• WHAT IS NEEDED:
Only the lines from the one with "1902年新约全书(中英对照) 约翰二书 1 章 1 节到 1 章 8 节" through the last line of the material below belong in the answer, copied exactly and without pictures.
____________________
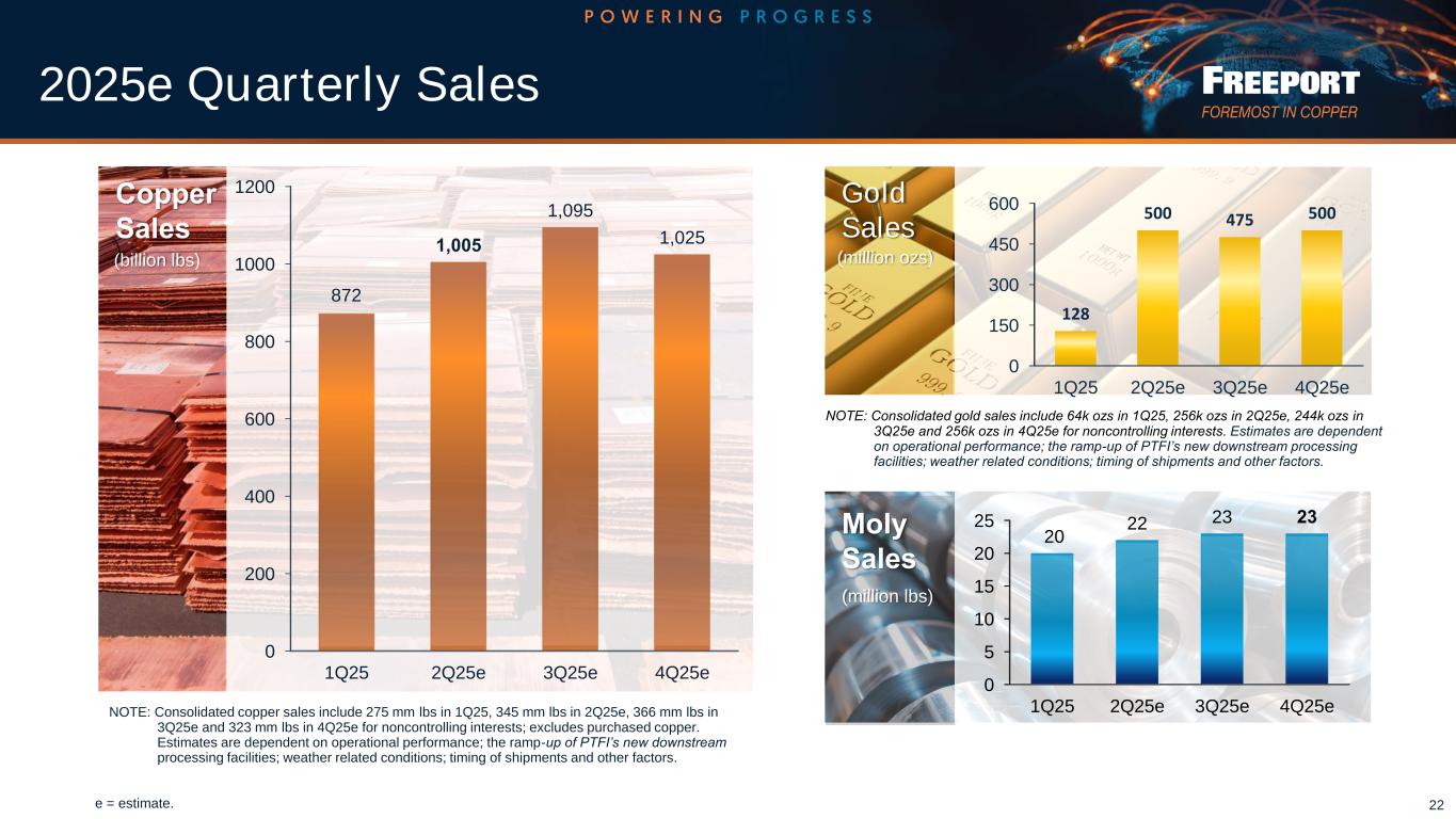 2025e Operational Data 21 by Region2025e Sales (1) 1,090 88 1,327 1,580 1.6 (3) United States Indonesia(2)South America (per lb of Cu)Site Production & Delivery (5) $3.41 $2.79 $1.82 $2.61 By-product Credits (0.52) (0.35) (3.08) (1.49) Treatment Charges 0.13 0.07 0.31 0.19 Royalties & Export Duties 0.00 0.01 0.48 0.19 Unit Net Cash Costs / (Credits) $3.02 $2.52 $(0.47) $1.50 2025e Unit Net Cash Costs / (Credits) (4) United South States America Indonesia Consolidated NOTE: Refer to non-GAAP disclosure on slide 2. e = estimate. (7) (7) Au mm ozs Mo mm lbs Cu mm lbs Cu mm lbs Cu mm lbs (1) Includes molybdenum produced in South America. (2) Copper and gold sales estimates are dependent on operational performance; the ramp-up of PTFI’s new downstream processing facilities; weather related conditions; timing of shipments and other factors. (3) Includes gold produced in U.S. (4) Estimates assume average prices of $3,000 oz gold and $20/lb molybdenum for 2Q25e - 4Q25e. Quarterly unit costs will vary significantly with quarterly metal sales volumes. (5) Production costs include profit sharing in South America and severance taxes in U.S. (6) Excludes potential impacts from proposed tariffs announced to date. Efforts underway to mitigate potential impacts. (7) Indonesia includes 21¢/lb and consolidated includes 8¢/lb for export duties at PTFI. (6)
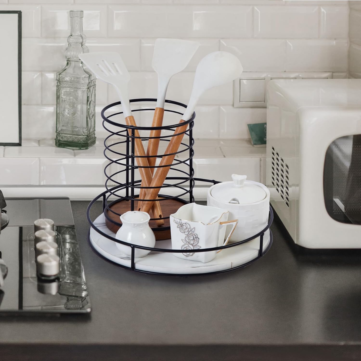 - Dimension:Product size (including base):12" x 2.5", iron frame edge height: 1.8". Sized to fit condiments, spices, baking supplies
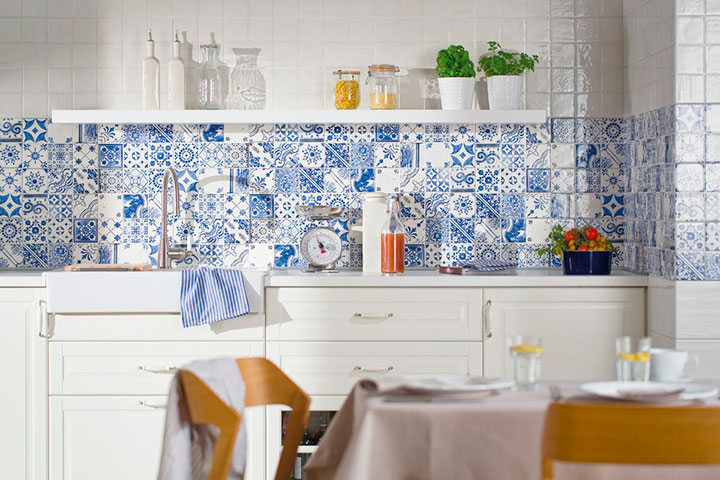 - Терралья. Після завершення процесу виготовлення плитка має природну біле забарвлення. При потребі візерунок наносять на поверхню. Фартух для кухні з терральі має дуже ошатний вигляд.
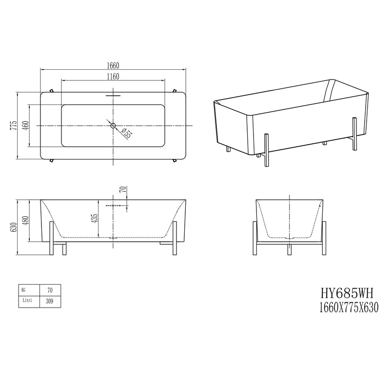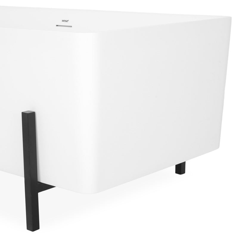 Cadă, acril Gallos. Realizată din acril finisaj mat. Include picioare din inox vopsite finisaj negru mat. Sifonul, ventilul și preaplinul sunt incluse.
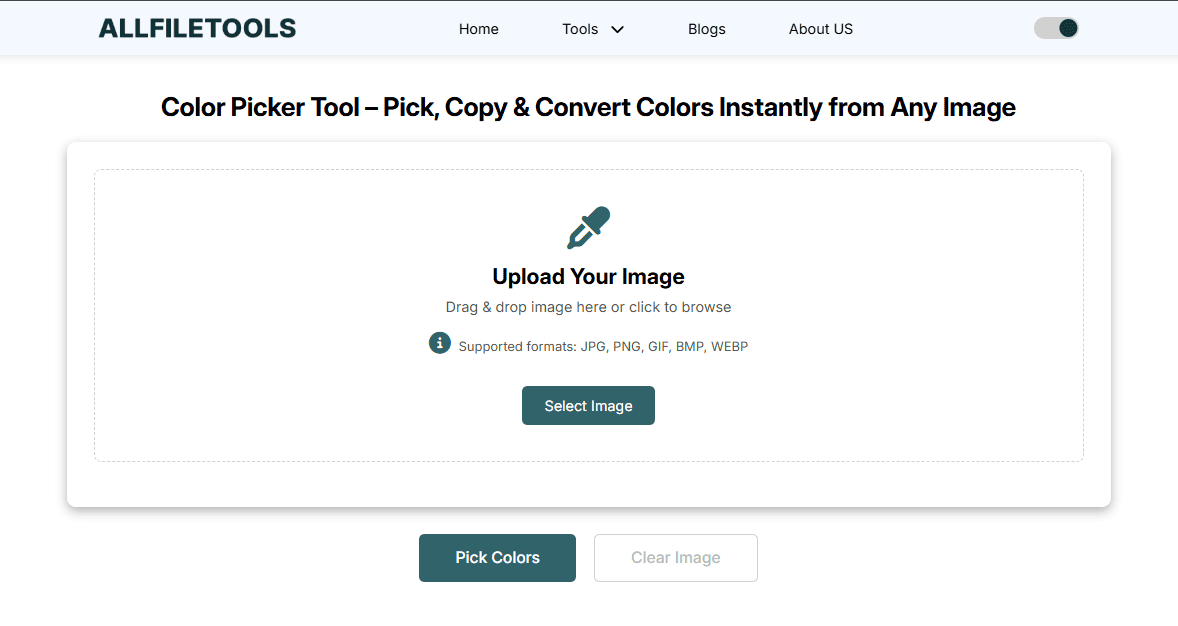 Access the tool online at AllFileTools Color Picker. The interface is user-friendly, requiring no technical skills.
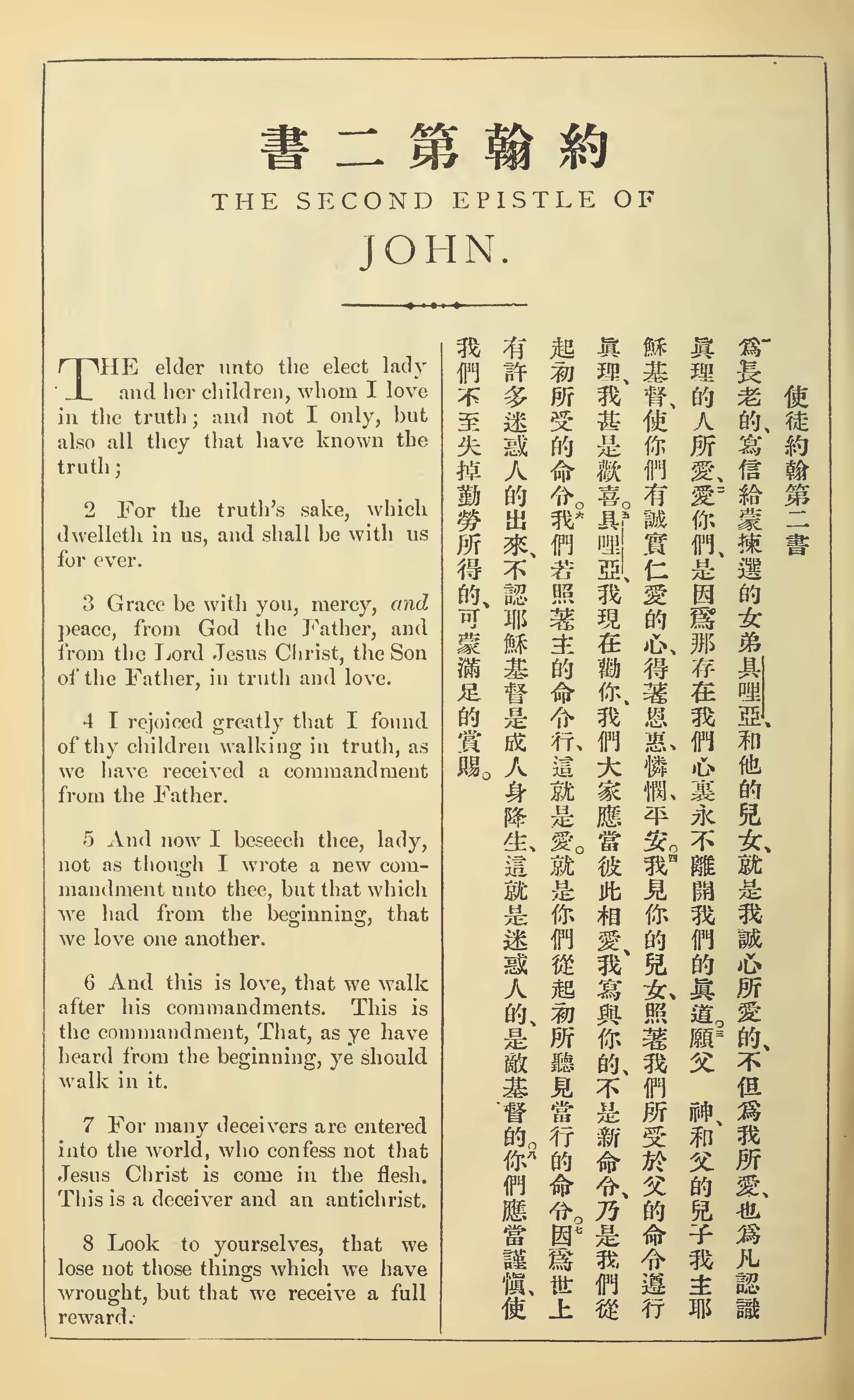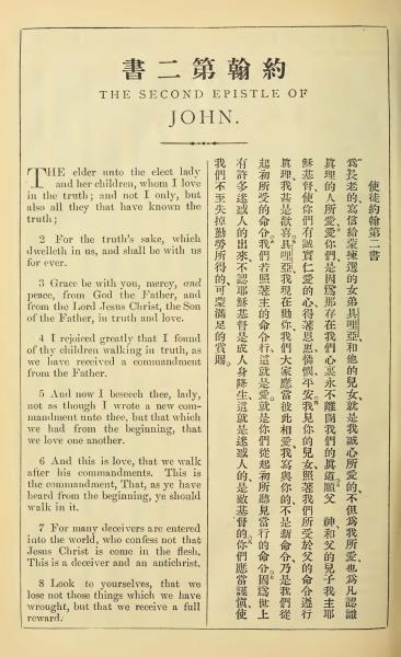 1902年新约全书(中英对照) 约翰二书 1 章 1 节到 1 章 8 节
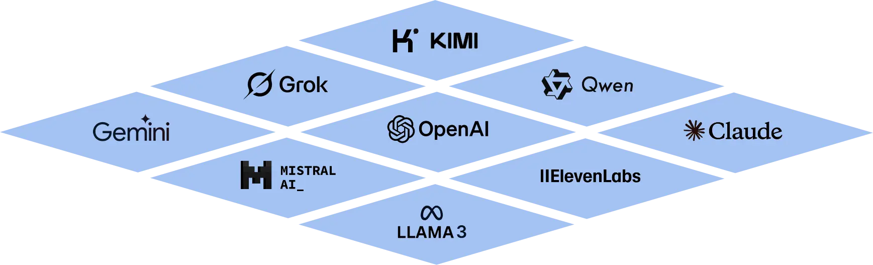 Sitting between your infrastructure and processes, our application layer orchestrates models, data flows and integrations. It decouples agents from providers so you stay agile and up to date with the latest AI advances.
____________________
• RESPONSE AREA:
 1902年新约全书(中英对照) 约翰二书 1 章 1 节到 1 章 8 节
 Sitting between your infrastructure and processes, our application layer orchestrates models, data flows and integrations. It decouples agents from providers so you stay agile and up to date with the latest AI advances.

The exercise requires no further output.